Using CAMP – E(Ri) = Risk-free rate + βe*Risk premium rate, we can get the Cost of Equity: 15.21% for Marriott, 15.95% for Lodging, 14.31% for Contract Services and 11.54% for Restaurants.
With all the numbers calculated above, we can use the WACC formula (WACC = (1-t)*rd*(D/V) + re(E/V)) and get the cost of capital for Marriott and its three divisions, which are 9.20% for Marriott, 8.30% for Lodging, 10.44% for Contract Services and 9.16% for Restaurants.
Ignoring the information from case, we download the current data for Marriott International, Inc. from Yahoo Finance and input in our Exhibit 5. Meanwhile, we use the data from US Treasury Bonds and Corporate Bonds at the time of 12:59AM Nov 30, 2011 and input in our Exhibit 6.

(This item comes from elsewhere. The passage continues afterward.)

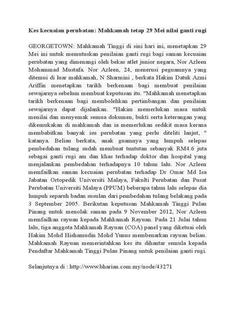 Kes Kecuaian Perubatan Di Malaysia - Kajian ini akan mengupas dengan lanjut mengenai kecuaian yang dilakukan oleh pengamal perubatan sama ada di sektor awam mahupun swasta. Kerajaan didapati bertanggungjawab ke atas saman kecuaian berkaitan proses berkhatan 12 tahun lalu kerana doktor di dua hospital kerajaan lambat memberi rawatan kepada.

We get the market value of equity as 9.82 billion and total debt as 3.10 billion. Tax rate can be calculated by Income Tax Expense/Income before Tax=16.88%. Beta is estimated as 1.67 (Exhibit 5). We assume the Marriott is evaluating a 10-year project. In addition, Marriott now is a Baa2-Rated Company by Moody. So the risk-free rate is 1.99% and the corporate bond is 4.87%. We also assume the market risk premium is 5% for a 10-year project. We can calculate the cost of capital of Marriott today is 8.83% (Exhibit 6).
Compared with the data and WACC calculated in 1987, Marriott’s WACC decreases by 7.22%, which means the risk taken is reduced. By analyzing in detail, we can find that both the debt percentage in capital and tax rate declined by more than 60%. The cost of debt, in the same time, reduces by 47.58%. It indicates that Marriott decreases its long-term debt in a large amount. Consequently we assume the main driver of the difference between today’s cost of capital and the one in 1987 is because Marriott sold the hotel assets and retained operating control under a long-term management contract. Moreover, the optimization of the use of debt also plays an important role in reducing the cost of capital. It will apparently influence the cost of debt so as to decrease the value of capital of cost.
As for the cost of capital of the restaurant and lodging divisions, we need to find the Beta separately. However, we cannot find the data by division in Marriott Financial Statement and Statistics. We need to estimate their Betas from other companies in the same industry. For Lodging, we choose Morgans Hotel Group, Starwood Hotels & Resorts Worldwide and Wyndham Worldwide, whose beta is separately 2.67, 2.47 and 3.29.
We removed the leverage risk to get the asset beta as 2.03, 1.88 and 2.50. Finally, we get our equity beta by average asset beta times (D+E)/D which is 2.81. For Restaurant, we choose McDonald’s, Luby’s Inc. and The Wendy’s Company, whose beta is 0.34, 0.96 and 0.74 and using the same method we get the equity beta for Restaurants divion as 1.18 (Exhibit 6). All the data are from Yahoo Finance.
We assume that lodging and restaurants divisions have the same debt percentage in capital and the cost of debt as the Marriott Corporation. The cost of capital of Lodging and Restaurants can be calculated as 13.16% and 6.96% with WACC formula (Exhibit 6).